Protectionist impulses by governments to restrict the growth of global trade and commerce will be outweighed by businesses seeking more cost-effective options to source and distribute as a way of tamping down rising inventory-carrying costs, an analyst said today.
Alexsander Stewart, managing director, transportation & logistics for investment firm Stifel, told the SMC3 annual winter meeting in Atlanta that, for the first time in a decade, companies will confront an environment of steadily rising interest rates. This is especially true in the U.S., where the Federal Reserve has prepared financial markets for several interest rate hikes over the next two to three years.
The benchmark federal funds rate, the overnight rate charged by banks and credit unions to lend to each other, is currently between 0.50 and 0.75 percent, and has moved little since the 2007-2009 financial crisis and recession. However, with an improving U.S. economy eliminating the continued need for ultra-low interest rates, some economists forecast the Fed will boost the fed funds rate multiple times by decade's end until the central bank reaches what it considers a normalized target rate of around 3 percent. In this climate, companies sitting on what is estimated at $1.8 trillion of global inventories could face a significant financial hit unless they can find ways to quickly and freely move goods to market, Stewart said.
In his presentation, Stewart of Stifel predicted an increase in re-shoring and near-shoring activities as businesses look to compress the time to market for their goods. This may result in large, global supply chains being replaced by networks supporting shorter, region-based trade flows, he said.
Businesses that have spent years, even decades, erecting and refining a global infrastructure may suffer, he said. "Companies with global networks are finding it difficult and costly to manage increasing customer demand for unique products with short cycle times and multiple reorder points," he said in his presentation.
Protectionist initiatives could also be overwhelmed by the rising tide of global e-commerce, Stewart said. Worldwide retail e-commerce sales will surpass $4 trillion by 2020, forecaster eMarketer said last August. Even then, e-commerce will represent just 14.6 percent of total worldwide retail sales, eMarketer said. The current level is between 10 and 12 percent today. Cross-border e-commerce today accounts for between 10 and 15 percent of the total volume, led by the Asia-Pacific region, Stewart said.
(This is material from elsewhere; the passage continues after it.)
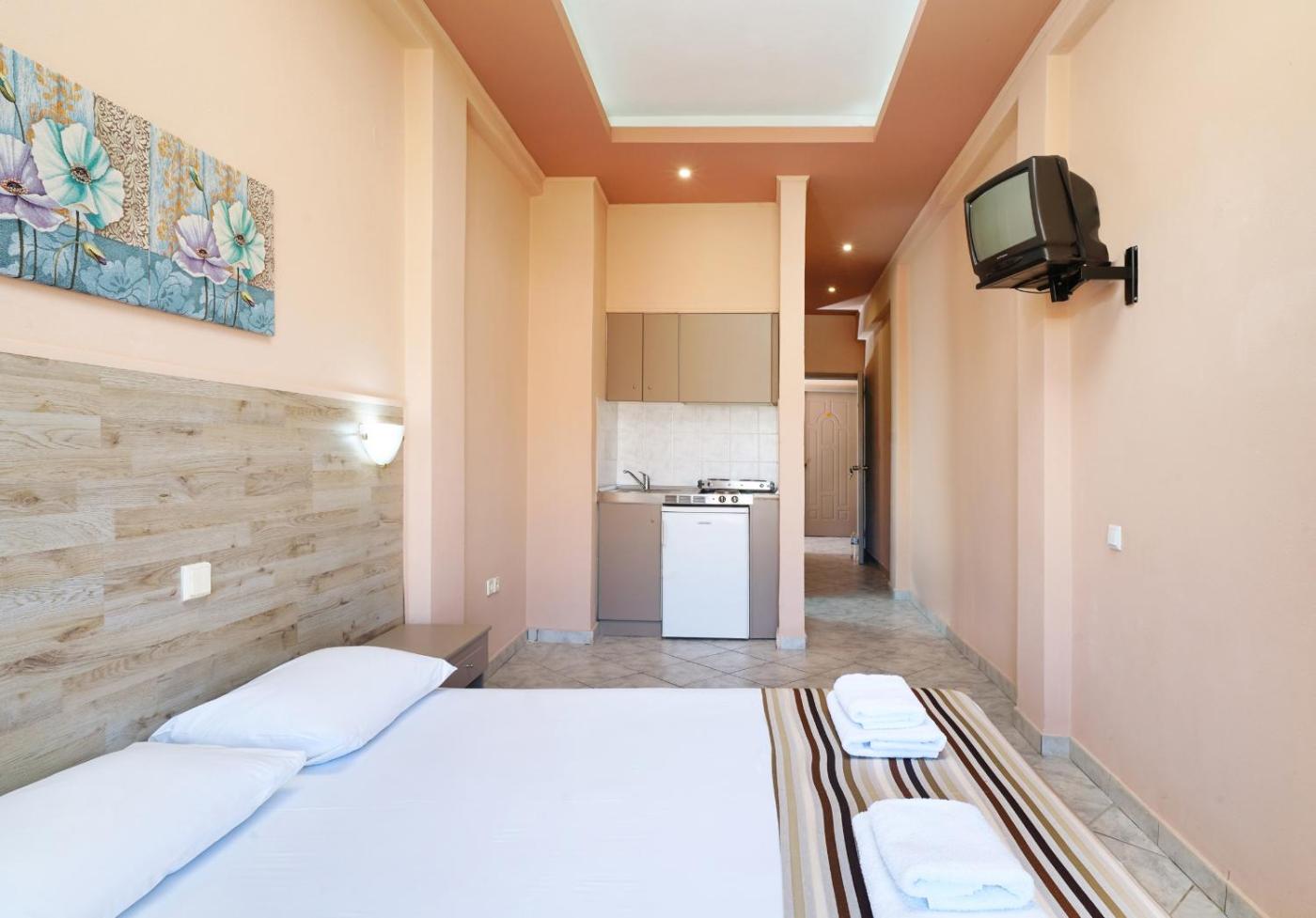 Standard Double Room. Overlooking the Aegean Sea, the garden or the pool from its private balcony, this air-conditioned studio has a kitchenette with fridge and cooking hobs. Free Wi-Fi and a TV with cable channels are also available. The studios have mountain view or Pool view or Village View. ;

The expected tug-o-war between globalist and nationalist/protectionist ideologies began yesterday when President Donald J. Trump issued an executive order removing the U.S. from the Trans-Pacific Partnership (TPP), a 12-nation compact that supporters had said would jump-start U.S. export activity by removing thousands of tariffs and nontariff barriers imposed by foreign countries, but which critics said would lower U.S. barriers to foreign trade, thus killing U.S. jobs by making it cheaper to import goods than produce them at home. Trump also said he would seek to renegotiate the 23-year-old North American Free Trade Agreement (NAFTA), which he has also bitterly opposed as a job killer.
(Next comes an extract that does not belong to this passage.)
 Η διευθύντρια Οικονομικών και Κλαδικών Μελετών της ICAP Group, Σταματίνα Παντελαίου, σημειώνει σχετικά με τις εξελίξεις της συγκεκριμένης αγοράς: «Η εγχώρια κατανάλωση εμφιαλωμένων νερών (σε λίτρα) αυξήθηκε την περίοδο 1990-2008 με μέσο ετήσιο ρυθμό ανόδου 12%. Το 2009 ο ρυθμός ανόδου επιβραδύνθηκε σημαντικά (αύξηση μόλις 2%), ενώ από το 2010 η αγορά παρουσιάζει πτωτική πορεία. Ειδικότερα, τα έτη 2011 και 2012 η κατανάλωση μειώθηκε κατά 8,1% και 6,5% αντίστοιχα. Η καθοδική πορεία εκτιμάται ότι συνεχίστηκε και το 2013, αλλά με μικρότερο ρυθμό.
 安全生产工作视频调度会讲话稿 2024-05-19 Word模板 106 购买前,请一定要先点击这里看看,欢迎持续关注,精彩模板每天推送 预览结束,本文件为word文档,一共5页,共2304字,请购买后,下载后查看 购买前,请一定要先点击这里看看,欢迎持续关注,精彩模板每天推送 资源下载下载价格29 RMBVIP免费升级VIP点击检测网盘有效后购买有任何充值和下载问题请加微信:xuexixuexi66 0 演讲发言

Frederick W. Smith, chairman and CEO of Memphis-based FedEx Corp., told Fox Business Network today that withdrawing the U.S. from the TPP was a big mistake, saying it will make it harder for American companies to sell to foreign consumers, and could cede trans-Pacific trade leadership to China. "The United States being cut off from trade would be like trying to breathe without oxygen," said Smith. "It's an essential part of our economy."